Hylafax Mailing List Archives
|
[Date Prev][Date Next][Thread Prev][Thread Next]
[Date Index]
[Thread Index]
Re: fax2pdf ...
Hi everybody,
On Fri, 21 Apr 2000, David Woolley wrote:
> > * zlib compressed image data in the generated PDF output file
>
> Why? The images are already in an appropriate compressed format
> supported by PDF. If one wanted better compression, the only
> reasonable choice would be to go from group3 to group4 fax.
> Fax encoding should even be supported by Acrobat 2.
>
I thought about it as well, but the answer is quite simple:
Because it was the simplest thing to do. libtiff decompresses the image it
reads and it allows to hook into the function it uses to store pixels when
it reads a tiff file. I simply replaced it with a function that stores the
1bpp data coming from the tiff as 1bpp. The result is an uncompressed tiff
file. A single fax page thus needs around 250kB of Memory. Temporarily the
tools allocates about the same amount of memory for the compression. After
compression it just outputs the file and frees the allocated memory.

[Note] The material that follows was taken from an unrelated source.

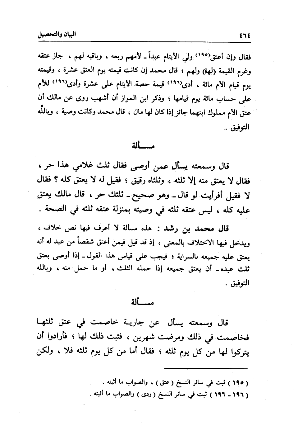 فقال: وإن أعتق ولي الأيتام عبدا- لأمهم ربعه، وباقيه لهم، جاز عتقه وغرم القيمة (لها) ولهم، قال محمد: إن كانت قيمته يوم العتق عشرة، وقيمته يوم قيام الأم مائة، أدى قيمة حصة الأيتام على عشرة وأدى للأم على حساب مائة يوم قيامها، وذكر ابن المواز أن أشهب روى عن مالك: أن عتق الأم مملوك ابنهما جائز إذا كان لها مال، قال محمد: وكانت وصية، وبالله التوفيق.
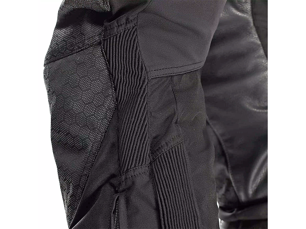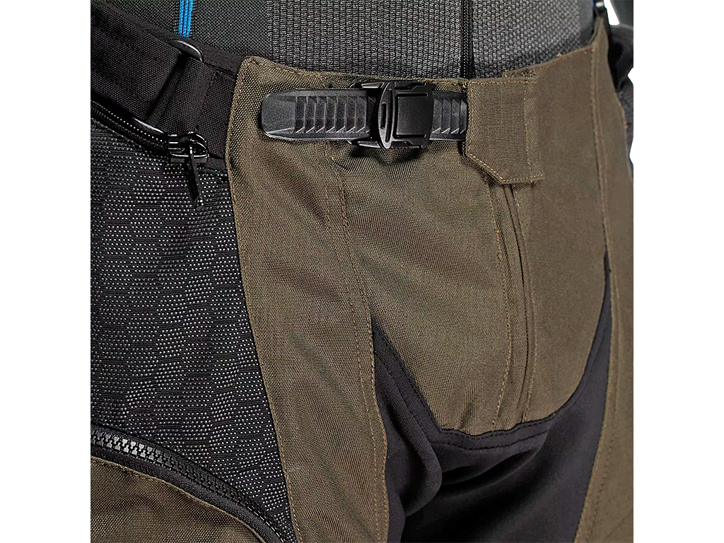 Мотобрюки рассчитаны на езду как сидя, так и во внедорожной стойке. Чтобы держать коленями мотоцикл, изнутри на них нашиты кожаные накладки. Брюки можно носить поверх мотобот, либо заправлять внутрь. Брюки обеспечивают серьезный уровень безопасности. На коленях установлены композитные щитки, сертифицированные по стандарту EN 1621.1 Level 2. На бедрах - накладки Level 1.

The choice of the compression algorithm mostly had to do with:
* ease of programming (zlib is VERY easy to use)
* accessibility of documentation.
* pure coincidence.
* I wanted this thing quickly.
I agree that it would be simpler to just copy the tiff images to the pdf,
but that would have required a lot more work (how to access the data from
the tiff?) The libtiff framework just works well for me.
Having said this, I would like to know how much work it would be to
implement just this. I also think that this approach would speed up the
conversion a lot. Currently the tool converts a 17 page fax of about 540kB
size to PDF within 10 seconds on my 166MHz Pentium linux machine. [ not
the fastest thing in the world, but some of my customers have 233MHz
machines, where the thing should be a little bit faster. ]
I also would like to say that I wrote this little tool, because my
experiments with other alternatives were not very promising:
* tiff -> ps | ghostscript -> pdf
seemed too complicated (not DOING it, but the concept) and too slow.
* tiff -> pdf using ImageMagick
ImageMagick is a very resource intensive tool. It needed up to 80MB to
just convert one page.
* tiff -> pdf using other tools
The available tools were either commercial (I didn't want to pay
around USD 500 to just license such a tool), or did not work for faxes.
BTW, I have stomped out a tiny bug, that caused Acrobat Reader to complain
about the PDF being corrupted. (The very last line of the PDF must be
%%EOF, but the tool generated a %EOF only, as a % introduces a comment in
PDF, this shouldn't really hurt, but a PDF viewer presumably uses this
tag, just like postscript viewers use the PS Document structuring
convention). Another improvement is the proper generation of the cross
reference table.
If anybody is interested, I can send him/her the new version.
peter